La réalité inégalitaire britannique dit le mal du modèle social-démocrate

dimanche 21 février 2010.
 

Le professeur John Hill, mandaté par le gouvernement de Gordon Brown, vient de rendre ses conclusions dans un rapport intitulé « Anatomie des inégalités économiques au Royaume-Uni ». Bilan  : le modèle anglais va mal  ; certes pas pour tout le monde, la richesse des 10 % de ménages les plus riches représentant près de 100 fois celle des 10 % les plus pauvres. La sanction dudit modèle est claire  : inégalitaire. Voire le plus inégalitaire de l’Union européenne, et ce bien plus qu’il ne l’était déjà il y a quinze ans. En France, les apôtres du modèle anglais vont peut-être enfin baisser d’un ton.

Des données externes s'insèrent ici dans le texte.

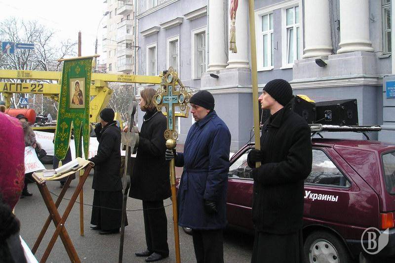 До пікету в боротьбі за нерухоме майно – храм святої великомучениці Катерини – приєдналися також активісти Прогресивної соціалістичної партії України (авто з гучномовцями на фото).

En fait, la réalité anglaise dit le mal du modèle social-démocrate, mal français, mal européen, mal américain, mal de tous les États providence occidentaux. Ces sociétés se détournent de plus en plus de l’impératif moral qui les a fondées, à savoir le projet de libération et d’égalité. Au contraire, elles se laissent peu à peu gagner, souligne Jean-Fabien Spitz (1), par l’idée qu’il existe une incompatibilité entre les deux valeurs cardinales de l’époque moderne, l’égalité et la liberté.

Autre mythe qui vole en éclats, celui de l’individualité, habilement déconstruit par l’auteur. L’individualisme, valeur prônée par nos sociétés, n’est qu’une illusion. Dans nos sociétés, l’origine de classe joue au contraire un rôle déterminant. « Nos parcours, nos stratégies matrimoniales, notre lieu de résidence, notre profession, nos revenus, nos goûts, notre façon de nous habiller sont moins le produit de nos décisions personnelles que la marque de notre appartenance à un groupe social. En ce sens, nous sommes moins des individus que des représentants et des porte-parole de nos origines, de notre milieu. Les hiérarchies sociales elles-mêmes ont la forme d’une reproduction qui reconduit sans cesse vers les positions les plus favorisées, non pas les individus les plus talentueux, les plus inventifs ou les plus travailleurs, mais les héritiers. » 
Le bilan de la social-démocratie donne à voir un état relativement sinistré. Pour autant, le philosophe refuse d’en rester là et s’aventure sur des terrains plus compliqués, au demeurant très durkheimiens. Selon lui, il ne suffit plus de vouloir faire payer les riches pour résoudre la situation des défavorisés. Il faut au contraire réfléchir à ce que sera le nouveau mode de répartition des richesses qui recevra l’assentiment des citoyens, qu’ils soient riches ou pauvres.

On ne peut donc passer outre certains questionnements, souvent jugés fictifs, à savoir les questions de mérite, de choix, de hasard ou de chance, de responsabilité, etc. Il en va d’ailleurs de la revendication d’un certain libre arbitre existant tout autant que le déterminisme social. Selon Jean-Fabien Spitz, chaque individu doit avoir le droit de profiter de sa chance (l’héritier ne demande pas à être né là où il est né), de son mérite, de son aptitude à faire des choix judicieux dans la mesure où cela n’est pas incompatible avec l’objet de l’association civile, autrement dit à condition que cela ne nuise pas aux liberté et égalité communes, soit encore à ce droit de tous à une existence décente et autonome. 
Inventer, en somme, au-delà de la société des droits, celle des droits réciproques. Voilà un bel horizon pour un acte II de l’État providence, le premier acte n’ayant scellé que l’émancipation et l’égalité des uns au détriment de celles des autres.

(1) Pourquoi lutter contre les inégalités, de Jean-Fabien Spitz, 2010.